Aleksander Adamowski jest jednym z bohaterów materiałów promujących mecz z Legią Warszawa, bo sam brał udział w tym pierwszym. Teraz, po latach, wspomina wydarzenie z 1980 roku. I mówi o szansach w drugim w historii pojedynku Chrobry-Legia.
- Było bardzo dużo ludzi, nie tylko z Głogowa, z bardzo wielu innych miejscowości. Tyle, co nigdy - opowiada. - Jeśli chodzi o boisko, to nasze nadzieje były duże, bo graliśmy fantastycznie. Jednak w okresie zimowym trochę się zmieniło. Nastąpiła zmiana trenera, za Hrymnaka wszedł Szymczyk. Podczas przygotowań bardzo dużo biegaliśmy i z perspektywy czasu był to okres ze zbyt dużymi obciążeniami. Forma przyszła, gdy trochę odpuszczono, ale nie na Legię. Było za późno. Mieliśmy mocny skład, lecz przygotowania były za ostre.
- Było widać różnicę - dodaje. - Szybki był Milewski, w środku pomocy super lewą nóżkę miał Miłoszewicz. Jan Woźniak go krył. To znaczy miał pokryć (śmiech). Kusto, Okoński, który lewą nogą krawaty wiązał. Legia miała wtedy pakę, bo z całej Polski ściągała najlepszych. Obecny Chrobry i my na tamtym zmęczeniu to chyba będzie taka sama różnica.
Niespodzianki w pucharach to nie jest rzadkość, ale były zawodnik Chrobrego mocno realnie podchodzi do szans w takim meczu.
- Realnie mówiąc teraz szanse nie są duże. Nie mamy wielkich gwiazd. Był Mateusz Machaj, ale po odejściu już brak takiego wybijającego się zawodnika, choć klasowy jest Mateusz Abramowicz w bramce. Brakuje środkowego napastnika, ale tu liczę na Konrada Kaczmarka. Strzela w pucharze, ma predyspozycje i uważam, że powinien dostawać więcej szans. Mimo wszystko powinniśmy mieć nadzieje i iść na stadion z wiarą, że Chrobry powalczy - odnosi się do środowego występu.

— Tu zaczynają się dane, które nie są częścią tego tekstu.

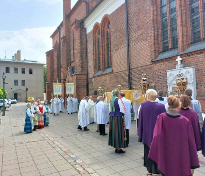 Šio sekmadienio liturgiją arkivyskupijos bažnyčiose, taip pat ir arkikatedroje bazilikoje užbaigė tradicinė Devintinių procesija su Švenčiausiuoju Sakramentu. Dievo žodis iš visų keturių Evangelijų – pagal Matą, Morkų, Luką ir Joną – nuo Palaiminimų, duonos padauginimo stebuklo, Paskutinės vakarienės ir Eucharistijos įsteigimo iki paraginimo pasilikti Kristaus meilėje kaip vynmedžio šakelėms – buvo paskelbtas arkikatedroje ir išėjus už jos sienų.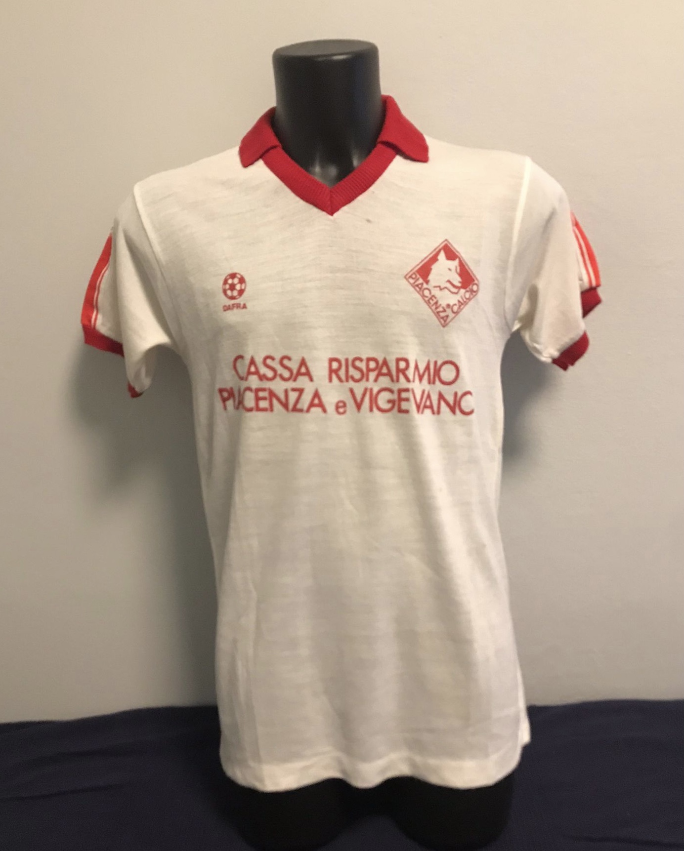 La maglia fu prodotta da Dafra ed è molto bella e semplice: è una maglia da trasferta in lanetta leggera, con colletto rosso e due bande sempre rosse in corrispondenza delle spalle che intersecano il bordo manica. Sul fronte della maglia troviamo il logo dello sponsor tecnico Dafra, lo sponsor commerciale, la Cassa di Risparmio di Piacenza e Vigevano e lo stemma del club, la lupa capitolina stilizzata che si rifà allo stemma comunale con la lupa in onore alla fondazione in epoca romana dopo la conquista della regione dai Galli vinti da Cesare. Lo stesso stemma del club lo troviamo su entrambe le maniche, al centro della banda rossa sopra richiamata. Il numero 8 è applicato in plastica pesante sul retro della maglia.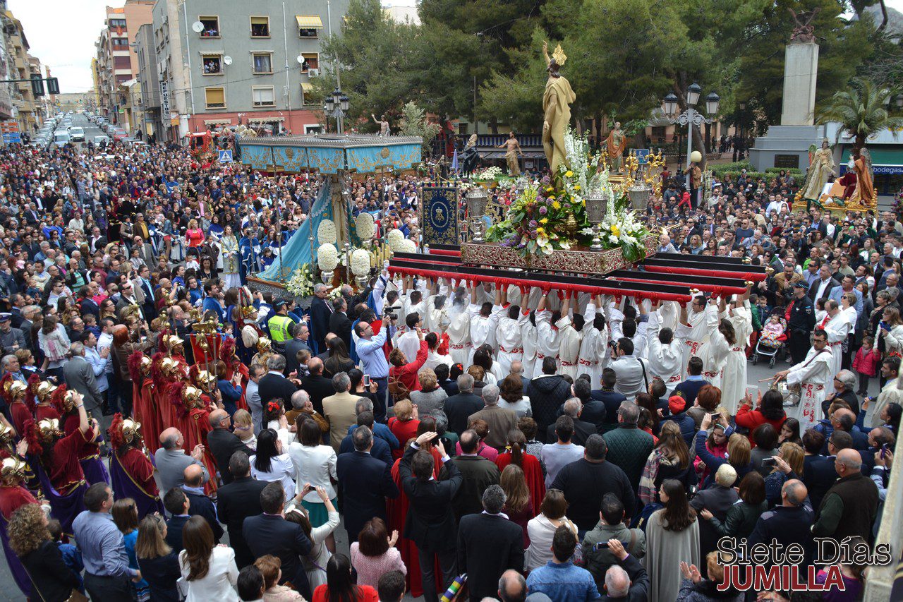 Y amanece la festiva mañana del Domingo de Resurrección que partirá tras el encuentro de Cristo con su madre y el tradicional caracol de los Armaos. El recorrido se inicia sobre las doce del mediodía desde el jardín del Rollo con la participación de once imágenes y la alegre música de pasodobles. Como colofón a esta procesión y a la Semana Santa, llega la caramelada con la que se celebran los muchos meses de trabajo y esfuerzo de todos los implicados en estas fiestas religiosas.

Klub na środowy mecz zaprosił piłkarzy biorących udział w tamtym meczu i duża ich część potwierdziła obecność. Wśród nich Adamowski, jednak to żadne zaskoczenie, bo regularnie odwiedza stadion przy Wita Stwosza. Prowadzi też bardzo aktywny tryb życia, m.in. biorąc udział w treningach oldbojów Chrobrego. Ale nie tylko.
- Najlepszym przykładem jest to, że w dniu, w którym rozmawiamy, mam już za sobą ok. 95 minut treningu. Z tego było 40 minut biegu z psem, labradorem. Później gimnastyka i żonglerka piłką, 3800 podbić, i to w domu, w skarpetkach. Poza tym sauna, odnowa biologiczna… Staram się dotrzymywać kroku, bo gram w oldbojach Korony Kożuchów. Stamtąd pochodzę i stamtąd przychodziłem do Chrobrego. Od tamtej pory czuję się jednak głogowianinem z krwi i kości. Pewnie - mając 65 lat - kiedyś zostanę tu na zawsze. Trzeba być aktywnym, bo inaczej bym nie wytrzymał. A jak z ludźmi porozmawiam, to jakbym na urlopie był przez cały czas.